** Activity **
Set down each line of the material that follows, exactly, with no pictures.

** Provided data **
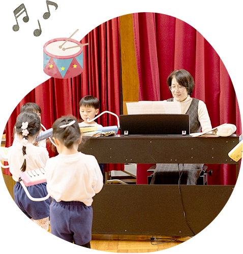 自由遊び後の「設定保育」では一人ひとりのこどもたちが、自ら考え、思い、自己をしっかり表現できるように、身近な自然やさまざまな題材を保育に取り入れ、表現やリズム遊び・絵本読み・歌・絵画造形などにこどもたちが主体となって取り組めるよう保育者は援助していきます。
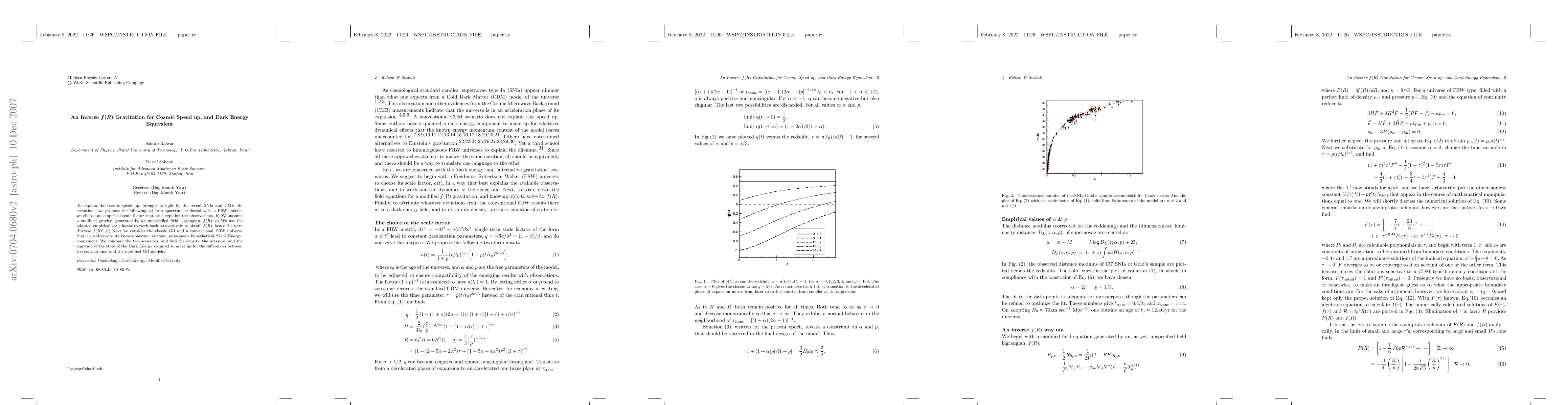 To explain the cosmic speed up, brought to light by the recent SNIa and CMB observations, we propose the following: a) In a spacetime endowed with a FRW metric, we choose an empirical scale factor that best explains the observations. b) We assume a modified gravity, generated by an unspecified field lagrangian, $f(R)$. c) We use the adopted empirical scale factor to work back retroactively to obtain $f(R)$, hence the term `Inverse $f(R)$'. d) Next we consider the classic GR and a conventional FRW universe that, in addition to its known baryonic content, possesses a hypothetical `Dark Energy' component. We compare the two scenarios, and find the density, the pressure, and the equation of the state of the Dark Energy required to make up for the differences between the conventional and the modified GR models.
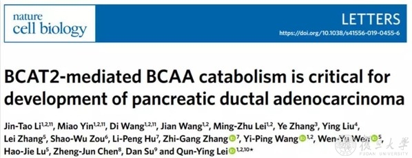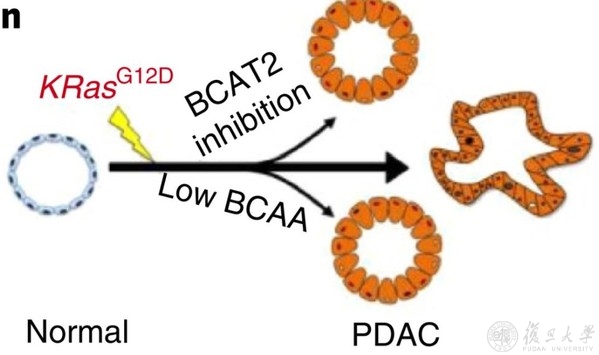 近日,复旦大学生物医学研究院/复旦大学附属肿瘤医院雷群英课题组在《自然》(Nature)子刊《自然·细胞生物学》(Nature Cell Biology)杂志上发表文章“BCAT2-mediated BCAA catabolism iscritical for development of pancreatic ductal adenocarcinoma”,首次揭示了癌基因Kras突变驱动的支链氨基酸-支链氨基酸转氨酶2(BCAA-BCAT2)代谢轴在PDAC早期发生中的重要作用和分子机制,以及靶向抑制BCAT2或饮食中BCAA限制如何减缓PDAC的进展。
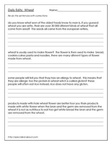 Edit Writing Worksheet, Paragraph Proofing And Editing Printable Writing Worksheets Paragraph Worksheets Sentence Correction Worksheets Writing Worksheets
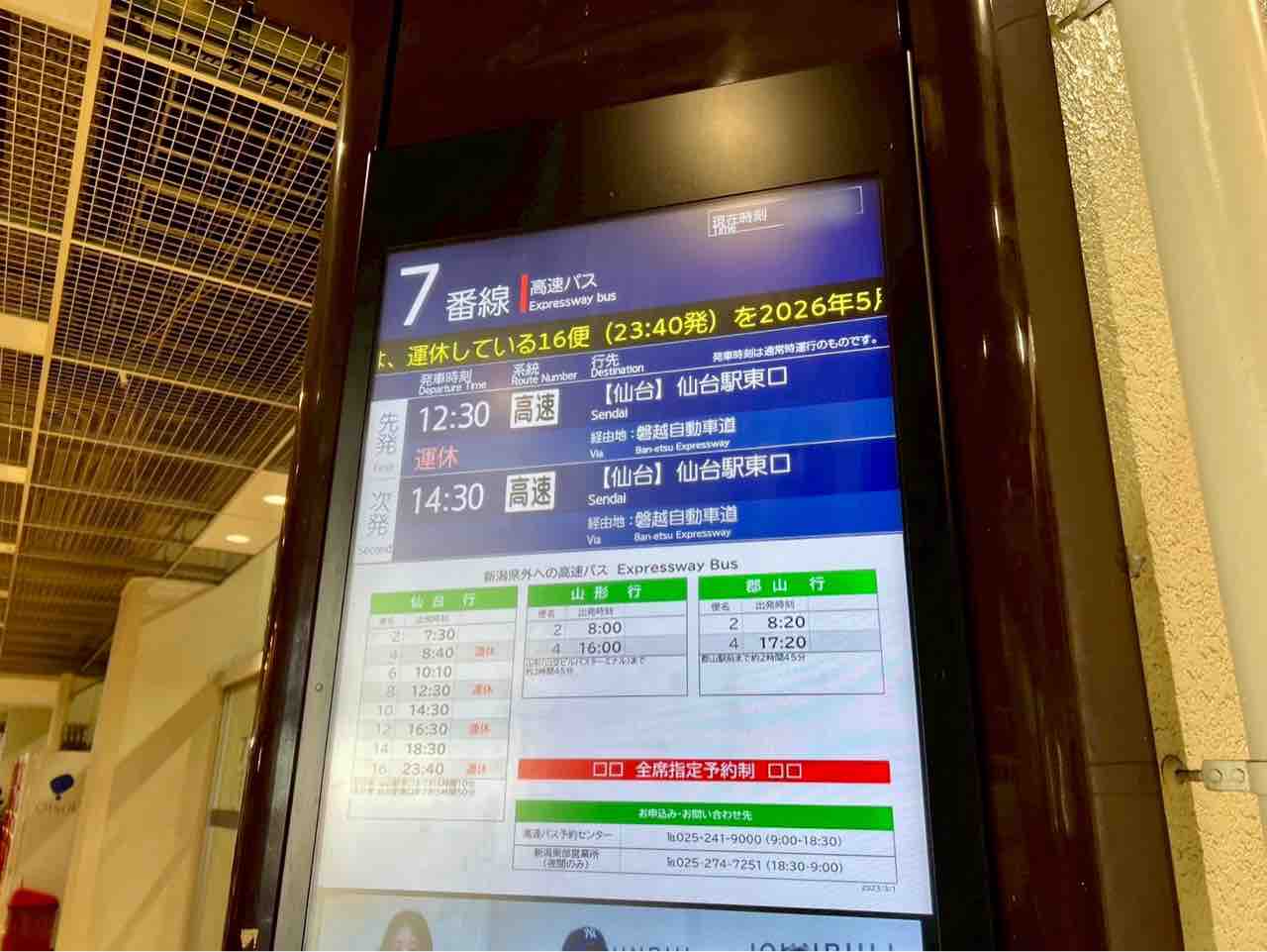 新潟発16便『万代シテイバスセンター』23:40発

** Response below **
 自由遊び後の「設定保育」では一人ひとりのこどもたちが、自ら考え、思い、自己をしっかり表現できるように、身近な自然やさまざまな題材を保育に取り入れ、表現やリズム遊び・絵本読み・歌・絵画造形などにこどもたちが主体となって取り組めるよう保育者は援助していきます。
 To explain the cosmic speed up, brought to light by the recent SNIa and CMB observations, we propose the following: a) In a spacetime endowed with a FRW metric, we choose an empirical scale factor that best explains the observations. b) We assume a modified gravity, generated by an unspecified field lagrangian, $f(R)$. c) We use the adopted empirical scale factor to work back retroactively to obtain $f(R)$, hence the term `Inverse $f(R)$'. d) Next we consider the classic GR and a conventional FRW universe that, in addition to its known baryonic content, possesses a hypothetical `Dark Energy' component. We compare the two scenarios, and find the density, the pressure, and the equation of the state of the Dark Energy required to make up for the differences between the conventional and the modified GR models.
 近日,复旦大学生物医学研究院/复旦大学附属肿瘤医院雷群英课题组在《自然》(Nature)子刊《自然·细胞生物学》(Nature Cell Biology)杂志上发表文章“BCAT2-mediated BCAA catabolism iscritical for development of pancreatic ductal adenocarcinoma”,首次揭示了癌基因Kras突变驱动的支链氨基酸-支链氨基酸转氨酶2(BCAA-BCAT2)代谢轴在PDAC早期发生中的重要作用和分子机制,以及靶向抑制BCAT2或饮食中BCAA限制如何减缓PDAC的进展。
 Edit Writing Worksheet, Paragraph Proofing And Editing Printable Writing Worksheets Paragraph Worksheets Sentence Correction Worksheets Writing Worksheets
 新潟発16便『万代シテイバスセンター』23:40発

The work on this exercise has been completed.